В книге показана явная общность художественных идеалов старшего и молодого поколений, стремящихся к наибольшей простоте и безыскусственности в изображении природы, вплоть до того, что сам термин "impression", понимаемый как сохранение в картине первичного, непосредственного впечатления от природы, возник в самых недрах реалистической пейзажной школы много раньше, чем импрессионизм сформировался как течение. Мы узнаем и о тех личных, глубоко дружеских отношениях, которые связывали старших и младших художников: о Добиньи и Курбе, постоянно оказывавших не только моральную, но и материальную помощь все время находившимся в острой нужде Моне, Писсарро, Ренуару; мы видим Моне и Будена у постели больного и всеми покинутого Курбе, только что вышедшего из тюрьмы Сент-Пелажи, куда он был заточен после разгрома Парижской коммуны.
Ничто так не сплачивает и не вскрывает внутреннее единство друзей и союзников, как наличие общего врага. И опять-таки на целом ряде неопровержимых фактов Ревалд показывает, что и у художников-реалистов и у начинающих импрессионистов были общие враги: официальные художественные учреждения, будь то Школа изящных искусств или академический институт и буржуазная публика. Картины Мане, Моне, Писсарро, Ренуара, Дега отвергались теми же официальными жюри, что и картины реалистов, над ними смеялась та же светская чернь, которая издевалась раньше над "Похоронами в Орнане" и "Купальщицами" Курбе.

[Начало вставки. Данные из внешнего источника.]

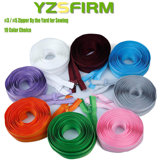 #5 Nylon Zipper Tape for Sewing: YZSFIRM 10 Yard Zippers by The Yard Nylon Coil Zippers for DIY Sewing Craft - Replacement Zipper Roll with 10 Bulk Metal Zipper Slider - 10 Double Zipper Slide (00 Color, #5 Zipper)
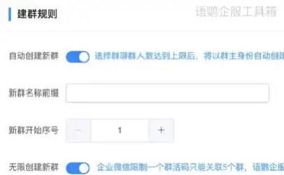 我们可以通过语鹦企服工具箱后台的「进群活码」功能,设置进群规则,自动创建新群,这样在人数即将满的时候,就会自动让用户扫码进去下一个群,从而实现无限建群。并且,语鹦企服工具箱「进群活码」有以下几个特点:
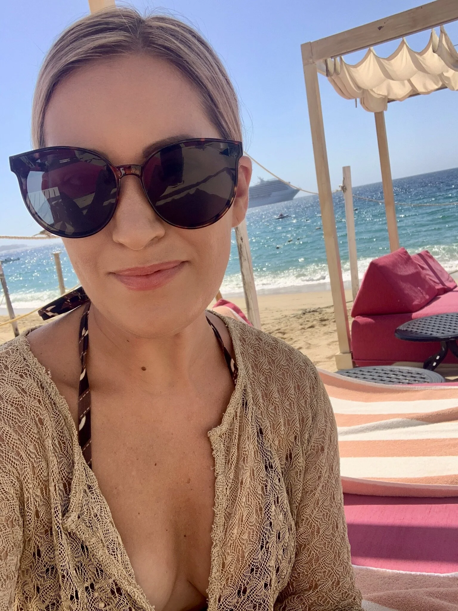 Medano Beach was on the approved list of 9 beaches in Los Cabos allowed to reopen, opening at 10am and closing at 6pm to the public. On Saturday we grabbed a reservation for a day bed at our favorite spot, Cachet, with our favorite waiter, Edilberto. 2x1 skinny margs and fresh sushi on the beach was what we’d been craving the last 4 months, and boy did it all taste good.
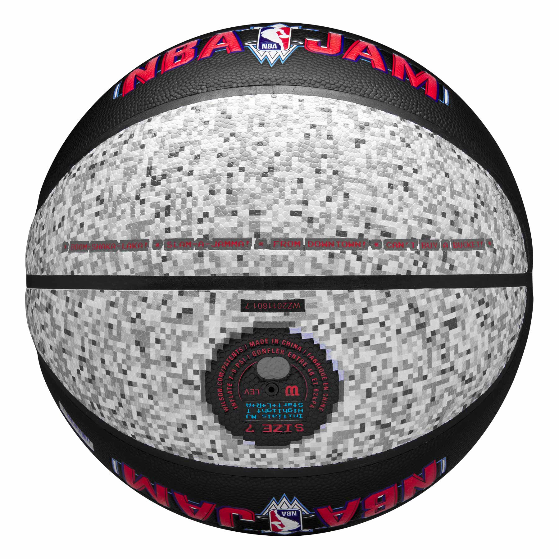 The Wilson NBA JAM Indoor/Outdoor Basketball is assembled with Ever Bounce Construction and Inflation Retention Lining built to endure FROM DOWNTOWN while delivering consistent, predictable bounce over time. Finished with the BOOM SHAKA LAKA Pure Feel Cover designed for the pro-level feel.
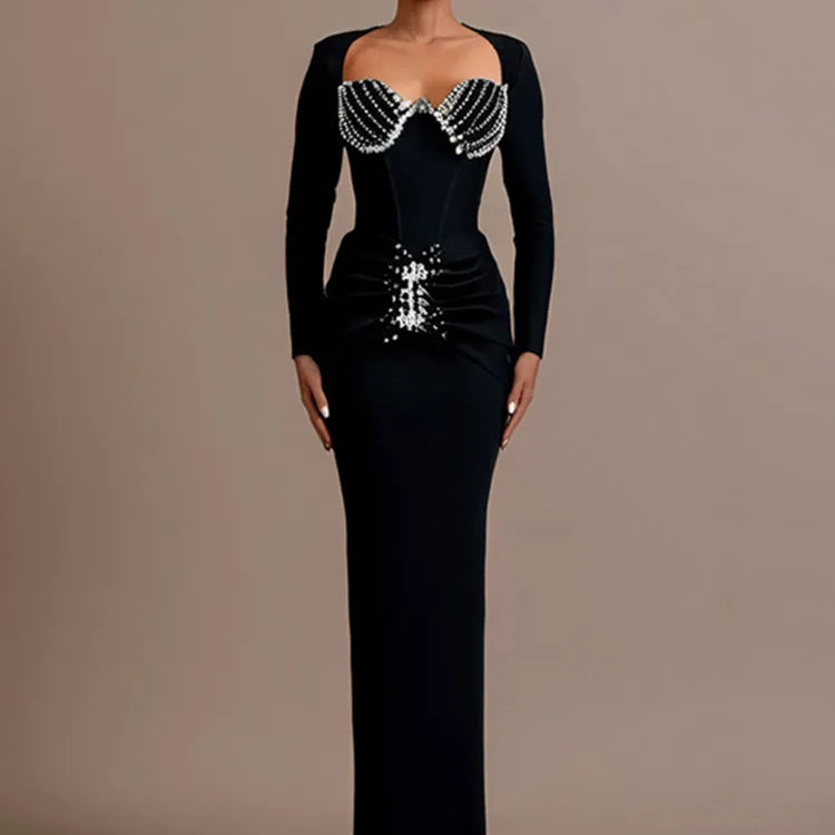 Vestido longo preto longo com babados e manga longa, celebridade, sexy, bodycon, bandagem, elegante, festa noturna, 2025

Читая о событиях, даже давно известных, но данных последовательно и в живом сопоставлении, становится особенно ясно, до какой степени была стойкой старая, давно уже потерявшая всякую связь с жизнью академическая традиция классицизма. Ни романтическое, ни реалистическое искусство не поколебали ее господства, и против ее тирании молодые художники 60-х годов должны были бороться так же, как боролись против нее реалисты 40-х годов. Стоит только прочесть, как учитель Моне Глейр, питомец энгровской школы, упрекал своего ученика за то, что он слишком точно передает характер модели: "Перед вами коренастый человек, вы и рисуете его коренастым... Все это очень уродливо. Запомните, молодой человек: когда рисуете фигуру, всегда нужно думать об античности. Натура, друг мой, хороша как один из элементов этюда, но она не представляет интереса. Стиль, вот в чем заключается все!" Под "стилем" подразумевалось, конечно, все то же подражание античности, которое уже более чем полстолетия, как тяжелое ярмо, взваливалось на плечи всех начинающих художников Франции. И подобные тирады, которые были бы вполне уместны в мастерской Давида начала XIX, а то и конца XVIII века, произносились в 1862 году, за год до смерти Делакруа, когда Курбе и Милле уже пережили пору своей зрелости.